George, hikayeler ve teorilerle dolu hevesli bir okuyucudur. “Bir dedektif kitabı okursanız, polisin ya da suçlunun yanında yer alırsınız ve kendinizi bulursunuz. Biyografiler ve otobiyografiler bu yüzden bu kadar popülerdir, çünkü insanlar başkaları hakkında okuyarak kendilerini bulurlar. Sizce de öyle değil mi?” “Aktör Anthony’nin biyografisini okuyordum.” Perkins – Başarı ve Talihsizlikle Dolu Olağanüstü Bir Hayat: Başka birinin hayatını okumak çok heyecan verici. Bize ölen tüm arkadaşları düşündürdü. Sanat simsarı Robert Fraser var. , tanıdığımız AIDS’ten ölen ilk kişi ve İtalyan bayimiz.”

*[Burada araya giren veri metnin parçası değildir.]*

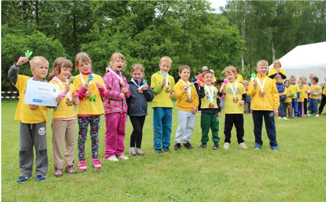
Obrázek 22: Slavnostní vyhodnocení soutěžních družstev, starší děti (5-6leté)
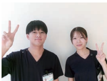
日々頑張っています!

個々のライフスタイルに合わせた働き方が可能な職場です。当院は様々な科があるため災害看護などに活かすことが出来ます。災害看護だけでなく、緩和ケアや訪問看護等、自分の働き方を一緒に見つけませんか。
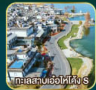
ทะเลสาบเอ๋อไห่โค้ง S
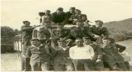
Dobrovoľný hasičský zbor z roku 1959
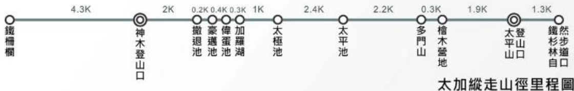
太加縱走山徑里程圖
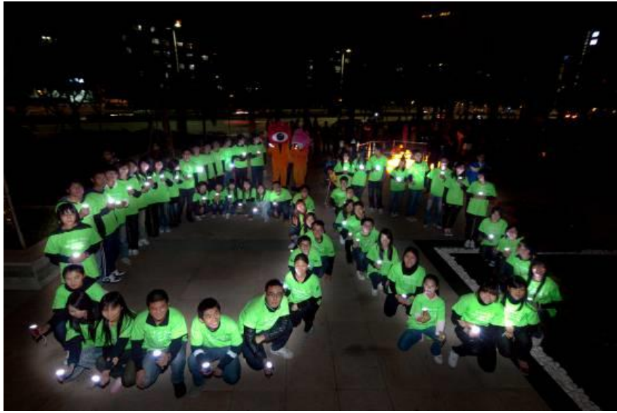
格力地产“地球一小时”活动
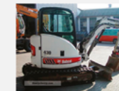
Minibagr Bobcat E43
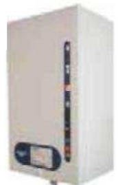
ElectroVap CMC kompaktný typ zvlhčovača
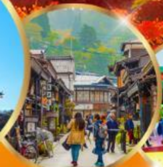
ทาคายาม่า
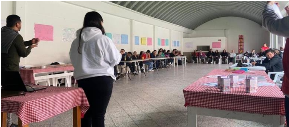
Encuentro Local de Instancias. 22 julio 2023
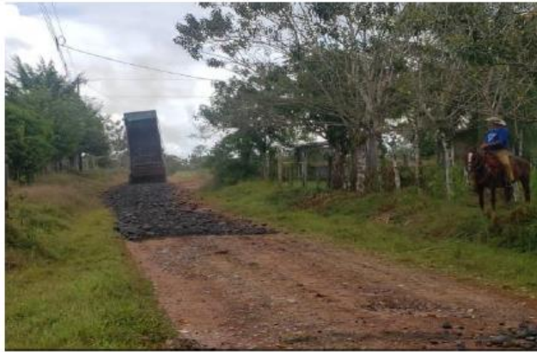
FOTOS DEL TRABAJO CAMINO N° 2-10-0324
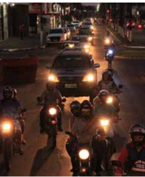
A manifestação levou em conta que, os postos de combustíveis de Iporá colocaram valores acima da média estadual

No final da tarde e começo da noite desta segunda-feira, 31, iporaenses foram às ruas para um protesto contra o preço de combustíveis praticados na cidade. Cerca de 40 veículos saíram do Lago Pôr-do-Sol em manifestação, puxados por mensagem em som volante. A manifestação de iporaenses levou em conta que, no impulso da majoração de preços, os postos de combustíveis de
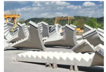
Sondertreppen - Betonfertigteiltreppe
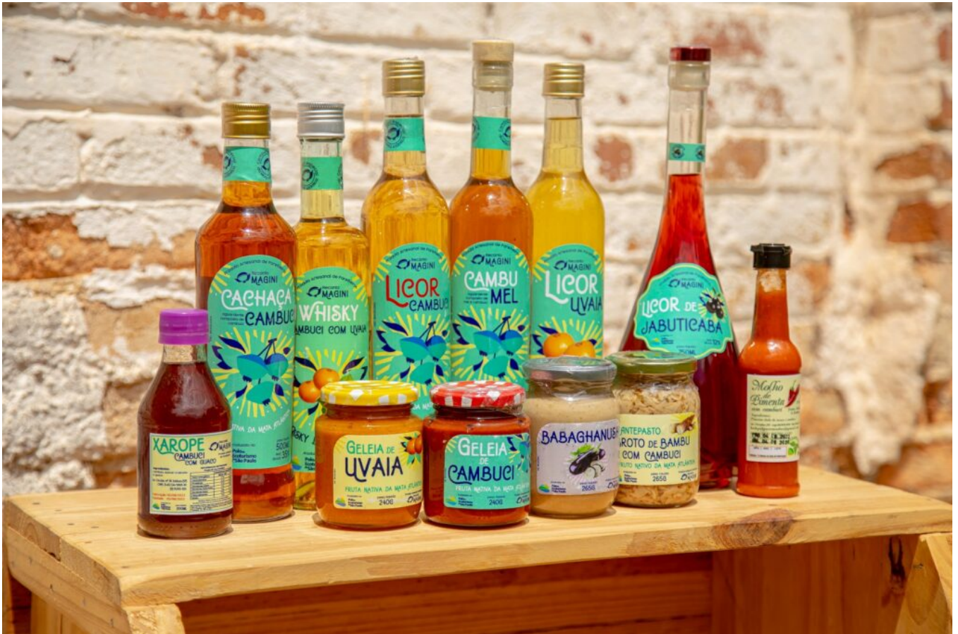
Bebidas e geleias feitas de Cambuci serão apresentadas na feira.

Estão previstas ainda algumas rodas de conversas com especialistas para apresentar os Polos de Ecoturismo da cidade (Parelheiros e Cantareira), turismo de base comunitária, acessibilidade e outros temas, que dão dicas e despertam o interesse em experimentar mais a vida ao ar livre.
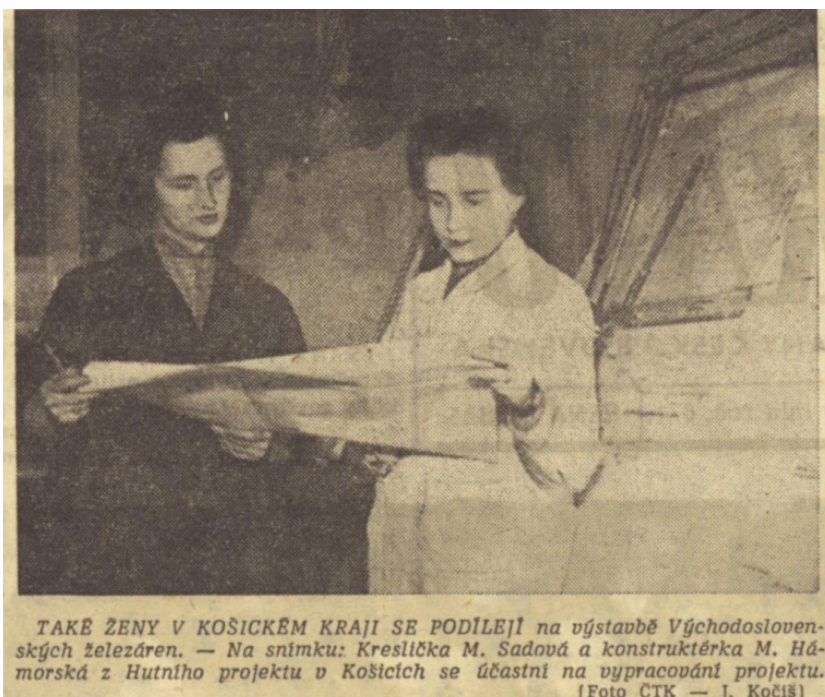
Příloha 10: Kreslička a konstruktérka výstavby železáren. Druhá strana Rudého práva; RP, 8. března 1960
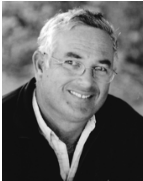
יזהר הירשפלד (1950-2006)
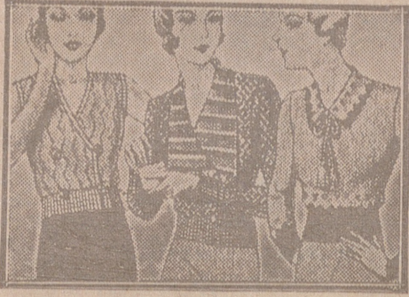
Blusas punto novedad, a 5, 6, 8, 10 y 12 ptas

Primera casa en confecciones para caballero, señora, jóvenes y niños Tejidos, Pañería y Sastrería
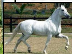
SEU BISAVÔ, NOBRE DE SANTA LÚCIA
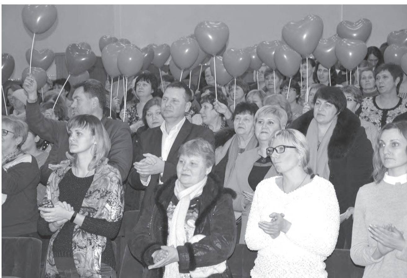
Красные воздушные шары в руках зрителей символизировали их отношение к добрым делам.
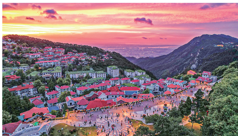
夏日庐山,避暑天堂。
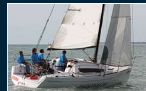
130. Sormiou 29
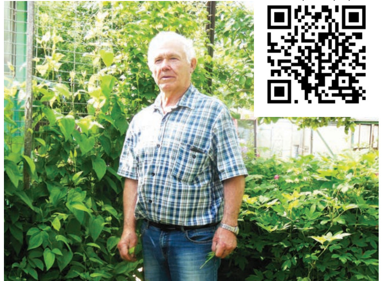
Альбом с фотографиями

Зато был азарт и огромное желание: все должно получиться! За эти годы участок, на котором раньше только выращивались овощи и ягоды, стал настоящим оазисом: благоухают пышные пионы и розы, распустились лилии и дельфиниумы, флоксы и горензии; появилась уютная полянка с качелями, обрамленная кле-
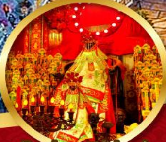
เจ้าแม่กวนอิมอ้อฮง นมัสการองค์เจ้าแม่กวนอิม อายุกว่า 600 ปี
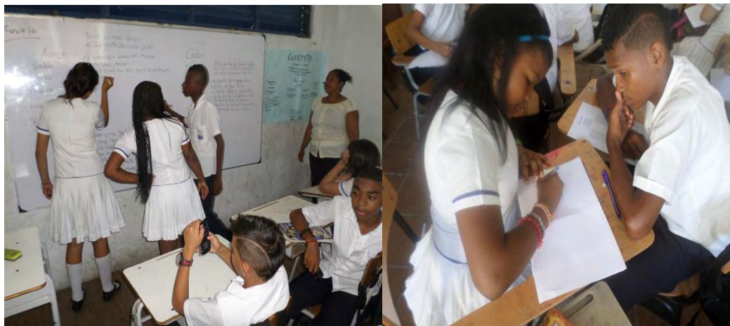
Figura 5. Construyendo sus primeros versos rimados
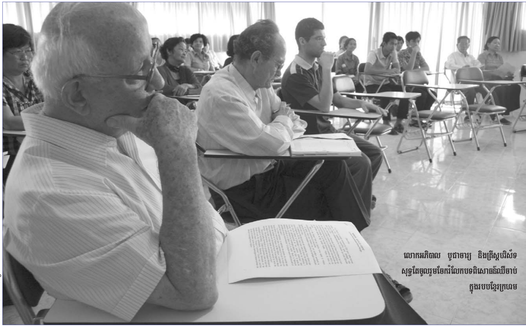
លោកអភិបាល បូជាចារ្យ និងគ្រីស្ទេរីស៍ មនុស្សតែមួយរូបចែករំលែកបទពិសោធន៍លើចាប់ក្នុងរបបខ្មែរក្រហម

ក្នុងចំណោមជនរងគ្រោះ ពីរបបខ្មែរក្រហម ដែលកំពុងតែតាមដានលើដំណើរការ របស់សាលាក្តីខ្មែរក្រហម សាសនិកនៃសហគមន៍កាតូលិក ដែលគឺជាជនរងគ្រោះដែរនោះ កំពុងតែតាមដានលើដំណើរការរបស់សាលាក្តីនេះយ៉ាងយកចិត្តទុកដាក់ផងដែរ ។ ការឈឺចាប់របស់ពួកគាត់ នៅក្នុងរបបខ្មែរក្រហម បានត្រូវបង្ហាញឡើងតាមរយៈវេទិកាមួយ ដែលរៀបចំឡើង ដោយការិយាល័យប្រព័ន្ធផ្សព្វផ្សាយព័ត៌មានព្រះសហគមន៍កាតូលិកនៅទីក្រុងភ្នំពេញ កាលពីចុងខែមីនា ឆ្នាំ២០០៩កន្លងទៅនេះ ។ បើយោងទៅតាមអ្វីដែលពួកគាត់បានបង្ហាញនោះ សហគមន៍អ្នកកាន់សាសនាកាតូលិកទាំងអស់ក៏ដូចជាប្រជាពលរដ្ឋកម្ពុជាទូទៅដែរ គឺសុទ្ធតែត្រូវបានរងគ្រោះពីរបបខ្មែរក្រហម ។ ពួកគាត់បានត្រូវពួកខ្មែរក្រហមជម្លៀសចេញពីផ្ទះសំបែង ក្រោយពេលដែលពួកគេបានដំណើរការកាន់កាប់ទីក្រុងភ្នំពេញ ។ ពួកគាត់បានត្រូវខ្មែរក្រហមបង្ខំឱ្យធ្វើពលកម្មហួសកម្លាំង ហូបមិនឆ្អែត ធ្លាក់ខ្លួនឈឺគ្មានថ្នាំសង្កូវដើម្បីព្យាបាល ទទួលទារុណកម្ម សម្លាប់ និងត្រូវបានបង្ខំឱ្យបោះបង់ជំនឿ ដូចជាអ្នកកាន់ពុទ្ធសាសនា ព្រមទាំង សាសនាដទៃទៀតដែរ ។
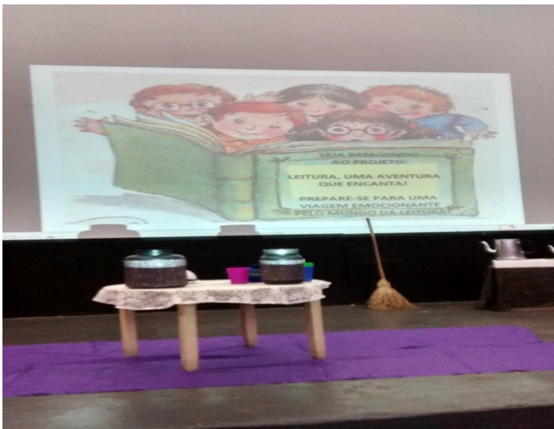
Figura 30. Cenário preparado pelas pibidianas para apresentação de peças teatrais na EMEF Luiz Alberto Leão, no encerramento do Projeto sobre Leitura

Atividade 14-f. Criar e implementar o Projeto Leitura uma aventura que encanta buscando atrair os alunos para o universo da literatura visando formar bons leitores.
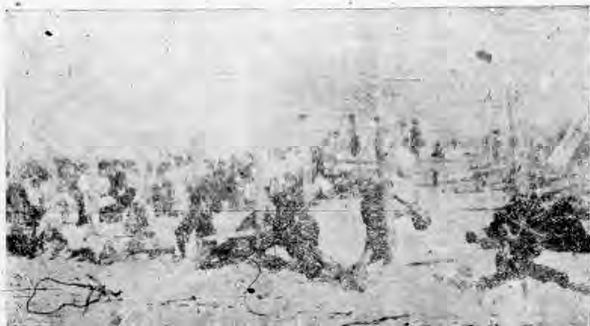
臺灣革命志士被日寇槍殺壯烈犧牲情形

同胞們！我們要記住日本人的殘暴壓迫欺騙，廓清日本人所給予我們的奴役文化，咬緊牙關，群策群力，遵照三民主義，努力建設一個新的臺灣，新的中國，方對得起許多革命先烈，方不致重遭亡國慘痛！
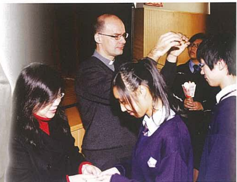
神父為學生進行「覆手」禮，校長致送紀念品予中六、中七學生
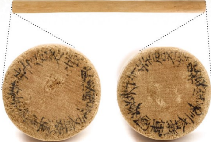
《平城宮木簡(肥後国第三益城軍団兵士歴名帳)》(部分拡大) 723年 奈良文化財研究所蔵 ※3/15~28展示

関連イベント 参加無料 お申込み先 TEL 096-384-5000(代表) 受付時間:9:30~17:00
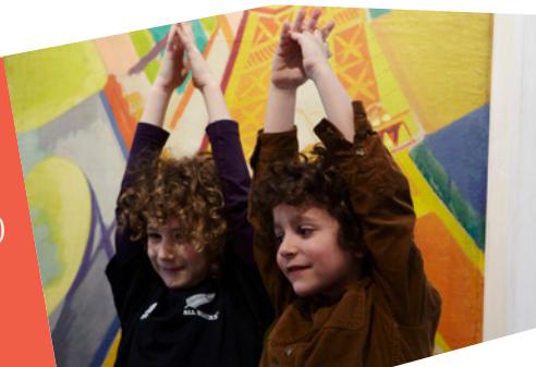
Élèves de l'école du Faubourg Saint-Denis au Musée d'Art moderne de la ville de Paris en février 2013 dans le cadre de École, amie des musées .

31 résidences dans 33 collèges 260 écoles (39% des écoles parisiennes) 70 collèges (63% des collèges parisiens) 200 centres de loisirs (32% des centres de loisirs parisiens)
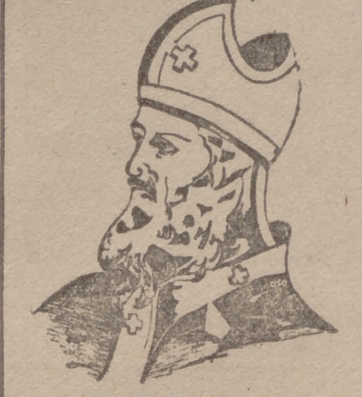
Froilán Alonso, 13 años.—Grupo de Cervantes.—Valladolid.
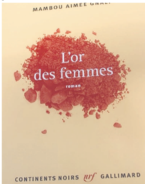
Le roman L'or des femmes

Paru cette année aux éditions Gallimard, collection Continents noirs (France), ce roman de 163 pages s'ouvre par un proverbe vili : «Bakala wolo », qui veut dire en français «l'homme c'est l'or». L'or des femmes est une révolte, un plaidoyer en faveur des femmes marginalisées, les jeunes femmes et les femmes enchaînées par la tradition, notamment le Tchikumbi. Un rite Vili (ethnie des côtes du Congo) d'initiation des filles nubiles, pratiqué avant dont elle évoque les valeurs, mais dénonce en même temps les méfaits sur la jeune fille et la femme qui payent le lourd poids de la tribu et de la tradition.
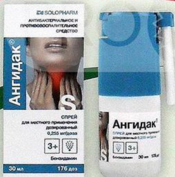
Ангидак спрей д/местн.прим. 0.255 мг/доза 30мл

“Birer birer,” diye ekliyor Gilbert.

Hurma ve hindiba... Galadan resimlerle Gilbert ve George.
Hurma ve hindiba… Galadan resimlerle Gilbert ve George. Fotoğraf: Linda Neiland/The Guardian

Cennet resimleri bana ölüm ve öbür dünyayla ilgili bir şaka gibi geliyor. Londra’nın West End bölgesindeki White Cube, olayı, yaşlı ikilinin ortaçağ benzeri kemik düzenlemeleriyle poz verdiği çiftin Corpsing portrelerinin sergilenmesiyle yansıtıyor. ölüm dansı. Ziyaretçiler orada “öldüklerini” gördükten sonra doğuya gidebilir ve onları yeni merkezlerinde Cennette görebilirler. Kelimenin tam anlamıyla, kendilerini halka açık bir şekilde uğurluyorlar. Proje tehlikeli ama eğlenceli, Gilbert ve George’un ölüme karşı zafer kazandığı bir bahar olduğunu önerebilirim.

Tamamen farklılar. George, “Stüdyoya asla mizah düşüncesiyle girmedik” diyor.

Ama eminim ki, yüzlerinizi hurma ve karahindiba ile karıştırarak The Paradisical Pictures yapmaktan keyif almışsınızdır?

Gilbert, “Eğlenceyi asla yapmadık” diyor.

George, “Tanıdığımız en sefil insanlarız,” diye ekliyor. “Neden eğlence?”

Çünkü bana gösterdiğin The Corpsing Pictures afişlerinde kemiklerle oynamaktan zevk alıyor gibiydin.

George, “Kemiklerle oynamayız” diyor.

Gilbert, “Kendimizi kemiklerle ifade ediyoruz,” diye ekliyor ve ardından hızlı bir düzeltme yapıyor. “Kendimizi ifade edin.”

Paradisical Pictures, 1 Nisan’da Londra’da The Gilbert and George Centre’ı açtı. The Corpsing Pictures, 29 Mart – 20 Mayıs tarihleri ​​arasında Londra, White Cube Mason’s Yard’da.